Can there be not enough money, to prevent it to… be money at all? Can the amount of money be constant? How would non-inflationary money function?

▪ Can there be not enough money?

1. Can there be not enough money? Anyone who has felt dissatisfied after checking the contents of their wallet or bank account, may find this question a grim joke. “Of course” – the person will answer – “there can be not enough money”! After all, most of us at different times in our lives had fewer money than we wanted or needed.

It is more difficult to answer a more precise question: can there be not enough money in the economy? Can the amount of money held by market exchange participants and intermediating in transactions be too small? Could there be not enough money to enable it to… be money at all?

If we take the policy of modern countries as the right starting point for our considerations, the answer will be: yes, there may be too little money. Why? As the economy grows and expands, more money is needed to reflect the monetary value of new goods and services and to handle more and more transactions. This is one of the reasons why central banks control the money supply as part of their monetary policy: by manipulating the interest rates, buying or selling government securities, or changing the reserve requirement level. Everything is based on the unspoken but implicit assumption that the total face value of money in circulation should equal the total value of goods and services traded on the market over a given period of time. From there, there is only a step to recognizing the need to control the money supply and granting the central bank the exclusivity to issue money. However, is this the correct point of view?
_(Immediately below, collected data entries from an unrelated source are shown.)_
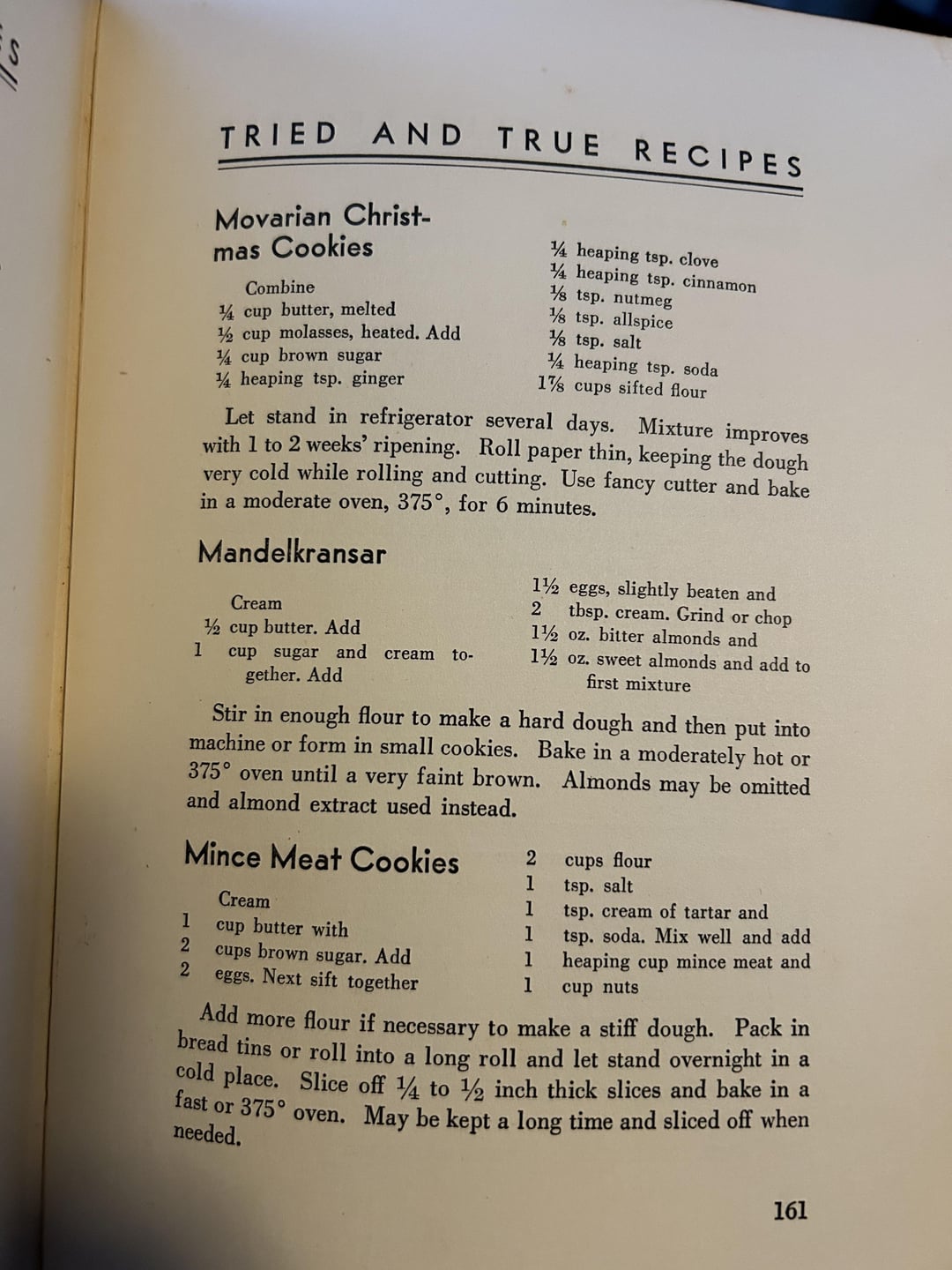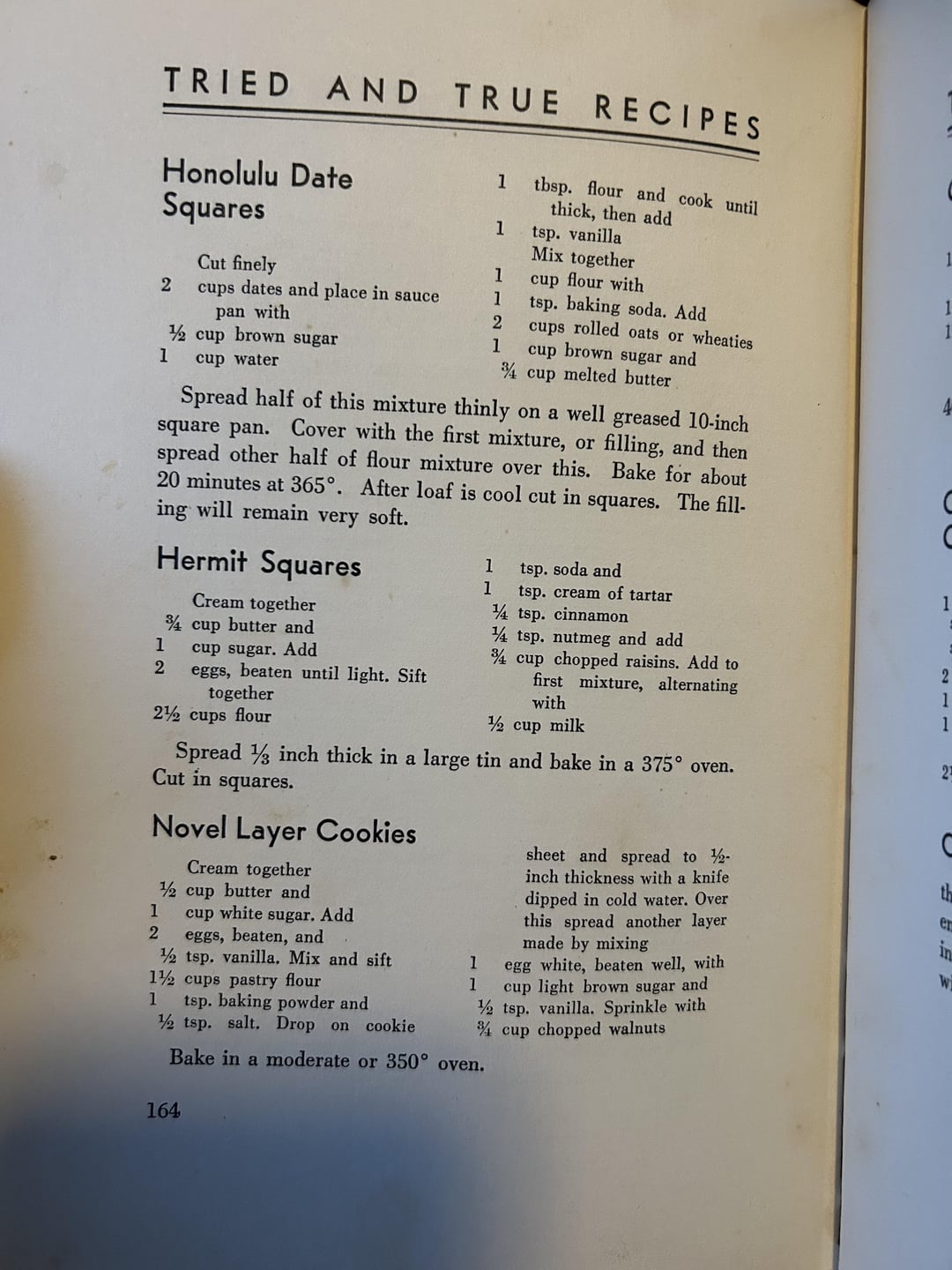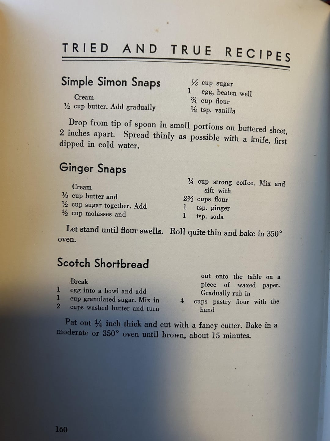This is the cookie recipes from Ruth Wakefield’s Tried and True Recipes from 1938. It includes the recipe for Chocolate Chip cookies from before chocolate chips were a thing!
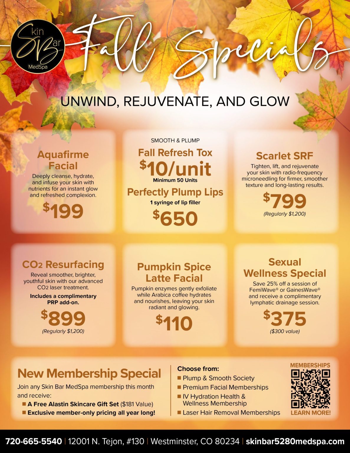 Skin Bar MedSpaEvents & Specials October 2025 Specials Skin Bar MedSpa offers flexible payment plans to help clients access treatments more affordably. Their financing options include easy monthly payments tailored to your budget, ensuring accessibility for beauty and wellness treatments. Apply For FINANCING TODAY!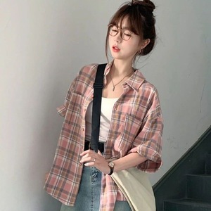 ピンクポロチェック柄半袖シャツジャケット夏デザインニッチ日本レトロカレッジスタイルシャツトップ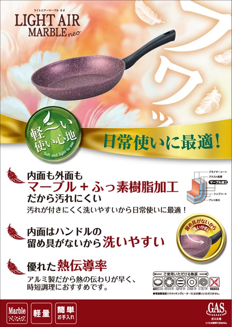 ●内面も外面もマーブル+ふっ素樹脂加工だから汚れが付きにくく、アルミ製で熱の伝わりがいいので日常使いに適しています。

The central bank, which monopolizes the issuance of legal tender, has the tools to conduct monetary policy – some of them enable theoretically almost unlimited increase in the money supply. The examples of Zimbabwe after 2000 or modern Venezuela show that the possibility of free creation of money with no real value is a real threat. But wouldn’t it be even more dangerous if governments and central banks could not increase the amount of money at all? Maybe it is necessary to moderate the money supply, and not to completely refrain from increasing the amount of money in the market – because in such a case money might simply be lacking?

▪ A Praxis story

2. Today it is difficult to find a good that would meet the requirements of being good money, and that we would be sure that its supply would not increase – even the most valuable precious metals are still being mined and new deposits are still being discovered, so there is no certainty that one day, for example, the supply of gold will not increase significantly. In addition, almost every raw material that can become commodity money has a non-monetary use (gold is used in industry and in the production of jewelry, etc.) – which has an impact on changes in its value on the market. Therefore, let’s look at a fictional example that will help to better illustrate the point.
Let’s move to a distant galaxy, though not so long ago…

a) The aliens from planet Praxis discovered the remains of an asteroid that struck their home planet eons ago, leaving behind a huge crater – and an unknown mineral in the form of a shiny ore, completely unknown in their world. The metal was called misesium, And the Praxians quickly realized that it is a safe and non-radioactive metal, which on the one hand is characterized by durability and strength, and on the other hand – it is easy to melt down and divide into smaller, more handy units. Misesium was so unique that every Praxian immediately recognized it: it was impossible to create a counterfeit or unnoticed to replace it with another mineral. The cosmic ore became a favorite material of Praxian jewelers, it was used in the production of electrical cables, and tiny misesium flakes began to be added to food and drink, because many believed in the mineral’s healing power. An important discovery was soon made: misesium became so widely desired and was simple enough to divide and process that it could solve the age-old problem of Praxians, i.e. the hardships of barter. Until now, aliens – although inventive in many areas – economically remained on a primitive level of cashless exchange. The invention of a widely accepted medium of exchange and the use of misesium as bullion money was revolutionary. The soon created mints were casting bars and minting coins from this metal – and thanks to its unusual properties, it was easy to check whether a given bar or coin contained as much precious metal as the stamped money mark claimed. The Praxis economy soon became based on the misesium standard.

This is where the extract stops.